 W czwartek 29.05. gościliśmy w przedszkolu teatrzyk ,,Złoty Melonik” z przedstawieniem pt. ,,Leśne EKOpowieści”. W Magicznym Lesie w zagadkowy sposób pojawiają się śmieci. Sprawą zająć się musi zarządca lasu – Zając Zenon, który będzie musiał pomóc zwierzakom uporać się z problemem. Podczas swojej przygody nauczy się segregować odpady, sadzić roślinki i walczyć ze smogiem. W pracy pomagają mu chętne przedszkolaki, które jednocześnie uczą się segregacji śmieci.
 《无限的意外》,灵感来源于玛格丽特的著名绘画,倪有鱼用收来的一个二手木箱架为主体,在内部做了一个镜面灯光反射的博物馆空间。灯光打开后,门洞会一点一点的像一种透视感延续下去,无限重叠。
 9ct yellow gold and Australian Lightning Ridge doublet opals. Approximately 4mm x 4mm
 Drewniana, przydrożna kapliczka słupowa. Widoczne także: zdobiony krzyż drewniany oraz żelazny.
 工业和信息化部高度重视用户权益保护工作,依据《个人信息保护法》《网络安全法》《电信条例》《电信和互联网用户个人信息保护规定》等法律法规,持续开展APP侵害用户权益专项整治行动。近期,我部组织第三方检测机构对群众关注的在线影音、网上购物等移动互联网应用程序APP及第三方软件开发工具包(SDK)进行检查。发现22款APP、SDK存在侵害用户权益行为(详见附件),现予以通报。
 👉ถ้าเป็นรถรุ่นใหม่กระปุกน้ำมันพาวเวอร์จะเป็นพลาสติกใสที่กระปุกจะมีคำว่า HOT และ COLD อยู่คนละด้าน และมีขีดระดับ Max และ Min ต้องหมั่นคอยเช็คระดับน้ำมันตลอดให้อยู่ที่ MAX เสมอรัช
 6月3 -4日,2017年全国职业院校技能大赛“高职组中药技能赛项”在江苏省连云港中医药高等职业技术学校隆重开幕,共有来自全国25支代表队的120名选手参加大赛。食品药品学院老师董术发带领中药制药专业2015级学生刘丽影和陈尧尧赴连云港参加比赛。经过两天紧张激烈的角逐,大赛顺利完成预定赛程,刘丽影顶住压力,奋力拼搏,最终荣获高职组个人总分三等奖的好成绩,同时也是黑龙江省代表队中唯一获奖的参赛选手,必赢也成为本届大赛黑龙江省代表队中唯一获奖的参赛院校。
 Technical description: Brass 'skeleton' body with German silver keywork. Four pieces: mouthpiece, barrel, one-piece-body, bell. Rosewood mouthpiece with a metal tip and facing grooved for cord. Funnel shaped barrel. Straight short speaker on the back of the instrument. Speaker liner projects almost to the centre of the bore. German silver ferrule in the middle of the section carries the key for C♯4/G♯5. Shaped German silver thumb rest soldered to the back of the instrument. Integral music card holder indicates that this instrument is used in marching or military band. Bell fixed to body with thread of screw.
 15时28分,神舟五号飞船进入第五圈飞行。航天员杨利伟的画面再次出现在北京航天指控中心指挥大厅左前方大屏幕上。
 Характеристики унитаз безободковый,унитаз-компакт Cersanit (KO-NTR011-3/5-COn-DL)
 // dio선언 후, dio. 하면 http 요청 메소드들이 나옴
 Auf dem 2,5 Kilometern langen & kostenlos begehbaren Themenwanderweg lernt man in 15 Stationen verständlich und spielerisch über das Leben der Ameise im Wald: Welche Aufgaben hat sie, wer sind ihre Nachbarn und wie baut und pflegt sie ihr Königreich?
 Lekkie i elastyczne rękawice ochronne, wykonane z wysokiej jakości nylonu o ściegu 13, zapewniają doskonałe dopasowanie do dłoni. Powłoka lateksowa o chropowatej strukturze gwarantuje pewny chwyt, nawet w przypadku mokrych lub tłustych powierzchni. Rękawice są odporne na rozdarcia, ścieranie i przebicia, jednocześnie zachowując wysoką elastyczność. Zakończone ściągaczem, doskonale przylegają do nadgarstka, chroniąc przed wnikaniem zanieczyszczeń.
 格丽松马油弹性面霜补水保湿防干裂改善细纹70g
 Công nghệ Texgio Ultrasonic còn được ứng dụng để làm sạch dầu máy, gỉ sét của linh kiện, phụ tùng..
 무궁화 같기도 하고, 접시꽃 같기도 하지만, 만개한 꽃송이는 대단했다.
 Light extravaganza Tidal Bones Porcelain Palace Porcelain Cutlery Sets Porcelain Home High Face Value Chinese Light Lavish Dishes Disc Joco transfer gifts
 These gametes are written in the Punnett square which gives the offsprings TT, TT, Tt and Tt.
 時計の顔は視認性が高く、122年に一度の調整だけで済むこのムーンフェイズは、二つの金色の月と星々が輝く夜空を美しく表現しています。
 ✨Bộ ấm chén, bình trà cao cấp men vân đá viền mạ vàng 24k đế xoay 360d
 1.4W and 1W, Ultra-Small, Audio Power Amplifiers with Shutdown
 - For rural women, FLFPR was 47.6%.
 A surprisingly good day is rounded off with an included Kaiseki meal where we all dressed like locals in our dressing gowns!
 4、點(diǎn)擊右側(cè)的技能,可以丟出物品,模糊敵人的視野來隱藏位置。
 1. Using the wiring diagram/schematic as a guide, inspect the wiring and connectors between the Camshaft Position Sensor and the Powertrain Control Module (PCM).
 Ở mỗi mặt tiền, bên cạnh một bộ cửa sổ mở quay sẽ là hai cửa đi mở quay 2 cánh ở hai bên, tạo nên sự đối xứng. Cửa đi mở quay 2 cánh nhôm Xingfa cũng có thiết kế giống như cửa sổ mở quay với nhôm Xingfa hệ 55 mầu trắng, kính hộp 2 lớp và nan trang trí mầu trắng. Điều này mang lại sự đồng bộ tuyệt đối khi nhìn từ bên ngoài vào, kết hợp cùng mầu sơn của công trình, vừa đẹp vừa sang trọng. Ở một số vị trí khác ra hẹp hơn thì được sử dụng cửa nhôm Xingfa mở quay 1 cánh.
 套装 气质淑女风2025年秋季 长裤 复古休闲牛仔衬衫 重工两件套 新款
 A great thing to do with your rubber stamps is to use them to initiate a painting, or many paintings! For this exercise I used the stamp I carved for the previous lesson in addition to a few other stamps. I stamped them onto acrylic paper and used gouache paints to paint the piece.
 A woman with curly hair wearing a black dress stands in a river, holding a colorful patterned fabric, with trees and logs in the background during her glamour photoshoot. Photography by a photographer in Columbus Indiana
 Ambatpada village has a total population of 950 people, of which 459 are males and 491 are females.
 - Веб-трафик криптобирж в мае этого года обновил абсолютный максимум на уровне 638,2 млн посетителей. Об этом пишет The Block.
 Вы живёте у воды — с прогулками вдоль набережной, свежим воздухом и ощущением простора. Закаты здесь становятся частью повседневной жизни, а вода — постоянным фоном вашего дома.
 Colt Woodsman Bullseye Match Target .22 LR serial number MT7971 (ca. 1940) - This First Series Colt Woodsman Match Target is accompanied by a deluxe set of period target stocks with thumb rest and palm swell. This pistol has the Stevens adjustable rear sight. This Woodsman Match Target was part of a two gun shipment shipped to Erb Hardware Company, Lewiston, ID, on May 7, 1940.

# # # #

Task objective:
What you give back should be exactly the lines of the data above from the line with "格丽松马油弹性面霜补水保湿防干裂改善细纹70g" through the line with "Light extravaganza Tidal", both of those included, and nothing more.

Written response:
 格丽松马油弹性面霜补水保湿防干裂改善细纹70g
 Công nghệ Texgio Ultrasonic còn được ứng dụng để làm sạch dầu máy, gỉ sét của linh kiện, phụ tùng..
 무궁화 같기도 하고, 접시꽃 같기도 하지만, 만개한 꽃송이는 대단했다.
 Light extravaganza Tidal Bones Porcelain Palace Porcelain Cutlery Sets Porcelain Home High Face Value Chinese Light Lavish Dishes Disc Joco transfer gifts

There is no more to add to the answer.